在icCube Builder ETL中,我想将数据分组到多个字段上。另外,作为聚合函数,我想使用MAX和MIN。
示例数据:
(文中相同的数据)
groupId phase startDate endDate
100 start 1-May-2018 5-May-2018
100 start 4-May-2018 7-May-2018
100 start 28-Apr-2018 1-May-2018
100 middle 4-May-2018 11-May-2018
100 middle 1-May-2018 10-May-2018
100 end 12-May-2018 15-May-2018
100 end 11-May-2018 13-May-2018
100 end 13-May-2018 14-May-2018
100 end 9-May-2018 12-May-2018
200 start 4-Apr-2018 2-May-2018
200 middle 18-Apr-2018 3-May-2018
200 middle 1-May-2018 1-May-2018
300 end 21-Apr-2018 24-Apr-2018
我想将这些数据分组到groupId和phase上,并获得最小的startDate和最大的endDate:
如何在icCube ETL中做到最好?
答案 0 :(得分:1)
我们在ETL层中添加了新版本的groupBy View以支持此功能。但是,您可以创建Java视图来执行groupBy。
类似的东西:
package iccube.pub;
import java.util.*;
import java.lang.*;
import org.joda.time.*;
import crazydev.iccube.pub.view.*;
public class CustomJavaView implements IOlapBuilderViewLogic
{
private Map<List<Comparable>,List<Agg>> cached;
public CustomJavaView()
{
}
public void onInitMainTable(Map<String, IOlapCachedTable> cachedTables, IOlapDataTableDef mainTable)
{
cached = new HashMap();
}
public boolean onNewRow(IOlapViewContext context, Map<String, IOlapCachedTable> cachedTables, IOlapDataTableDef mainTable, IOlapReadOnlyDataRow mainTableRow)
{
// create the groupby key (list of values)

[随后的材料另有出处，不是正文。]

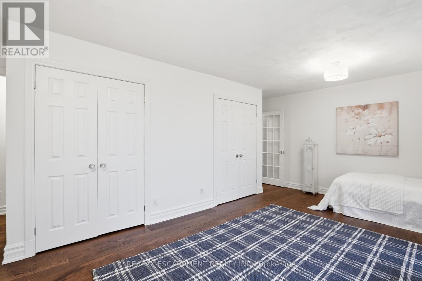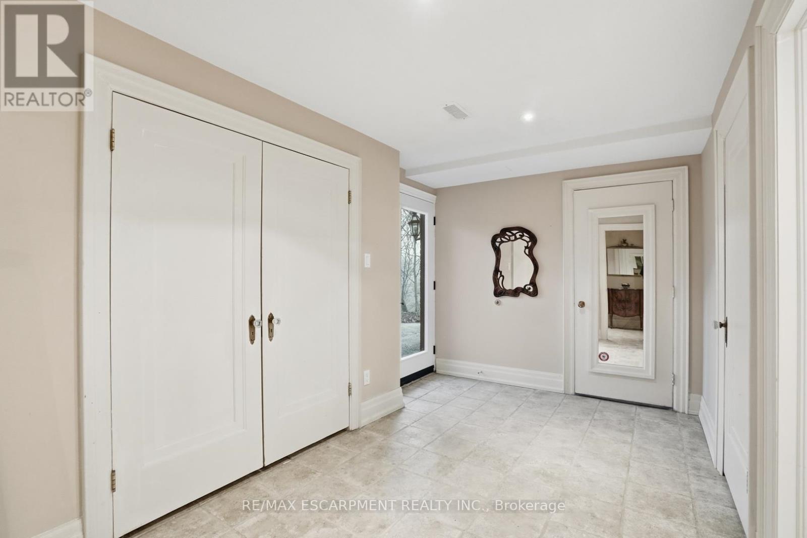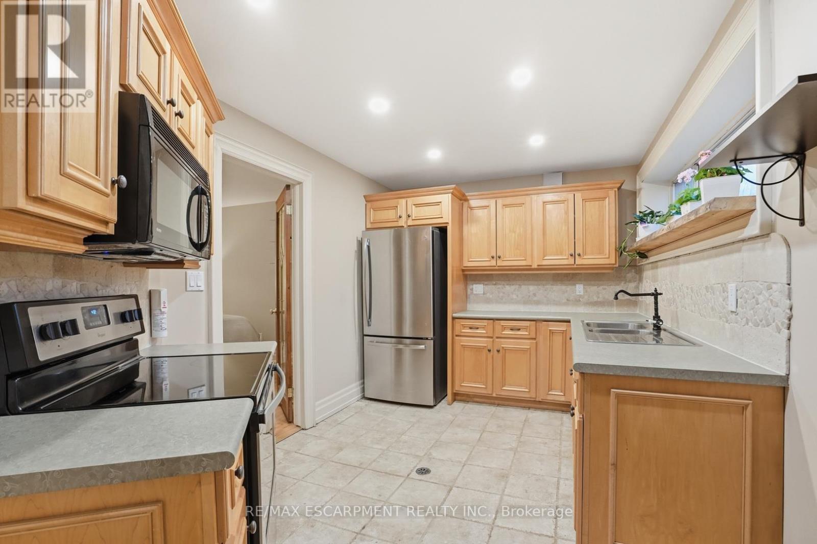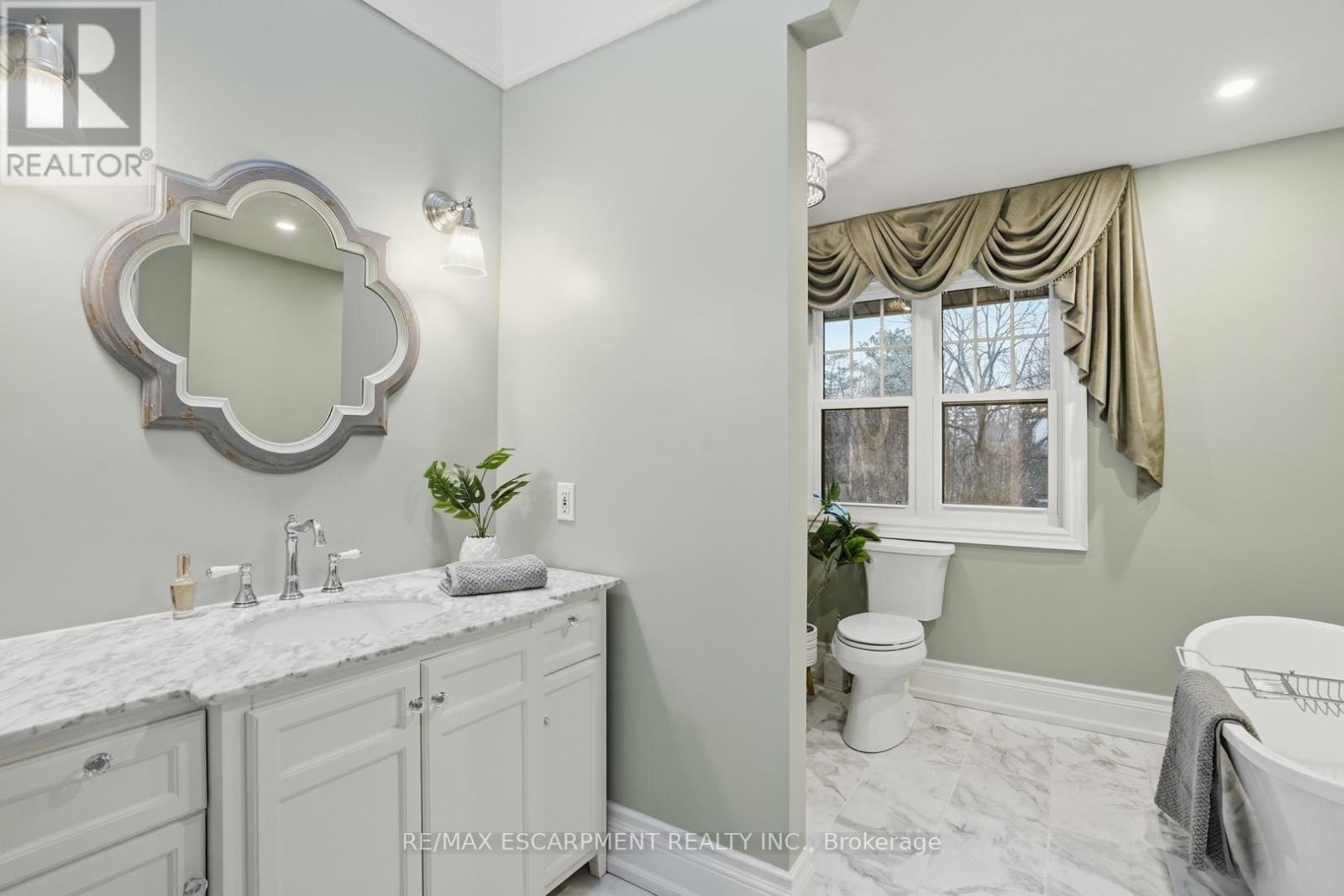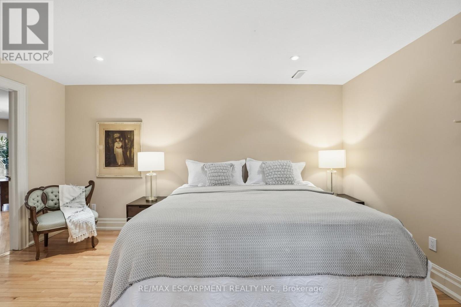 Tucked away on a picturesque 1-acre lot backing onto Grindstone Creek, this beautifully renovated raised bungalow offers the ultimate in privacy, tranquility, and multi-generational living. Surrounded by mature trees and natural beauty, this truly one of a kind offering delivers peaceful, country-style living just minutes from city amenities. The main level features three spacious bedrooms, including a serene primary retreat with a private ensuite and walk-out to the primary level deck. Set high in the Carolinian tree canopy, this large outdoor space is perfect for morning coffee, entertaining, or unwinding at sunset. The bright, airy living room is highlighted by vaulted ceilings, expansive windows that flood the space with natural light, and a cozy, raised hearth fireplace as its focal point. The custom made, cherry wood eat-in kitchen blends function and style, showcasing stainless steel appliances, granite countertops, and ample cabinetry-ideal for both everyday living and entertaining. The fully finished walkout basement offers excellent versatility with a self-contained in-law suite featuring a separate entrance, one bedroom, a full bathroom, dedicated laundry, a large great room with gas woodstove, and a bonus three season sunroom leading to a private outdoor deck-perfect for extended family, guests, or potential rental income. This exceptional property offers a unique lifestyle opportunity in one of Burlington's most desirable and undiscovered settings. RSA. (id:64974)

final List<Comparable> groupBy = Arrays.asList(mainTableRow.get("phase"), mainTableRow.get("groupId"));
// get the aggregators for values for the keys, build them if not already there
final List<Agg> aggs = cached.computeIfAbsent(groupBy, key -> Arrays.asList(new Agg(true), new Agg(false)));
// add values
aggs.get(0).add(mainTableRow.getAsDateTime("startDate"));
aggs.get(1).add(mainTableRow.getAsDateTime("endDate"));
return true; // false to stop
}
public void onProcessingCompleted(IOlapViewContext context, Map<String, IOlapCachedTable> cachedTables)
{
// now we can fire rows
for (Map.Entry<List<Comparable>, List<Agg>> entry : cached.entrySet())
{
final List<Comparable> groupByKey = entry.getKey();
final List<Agg> aggs = entry.getValue();
// create empty row
final IOlapDataTableRow row = context.newRow();
row.set("phase",groupByKey.get(0));
row.set("groupId",groupByKey.get(1));
row.set("startDate",aggs.get(0).date);
row.set("endDate",aggs.get(1).date);
context.fireRow(row);
}
}
// this is the Aggregator, you could implement something more complicated
static class Agg
{
final int isMin;
LocalDateTime date;
Agg(boolean isMin)
{
this.isMin = isMin ? -1 : 1;
}
void add(LocalDateTime ndate)
{
if (ndate != null)
{
date = ( date!= null && ((date.compareTo(ndate) * isMin) > 0)) ? date : ndate;
}
}
}
}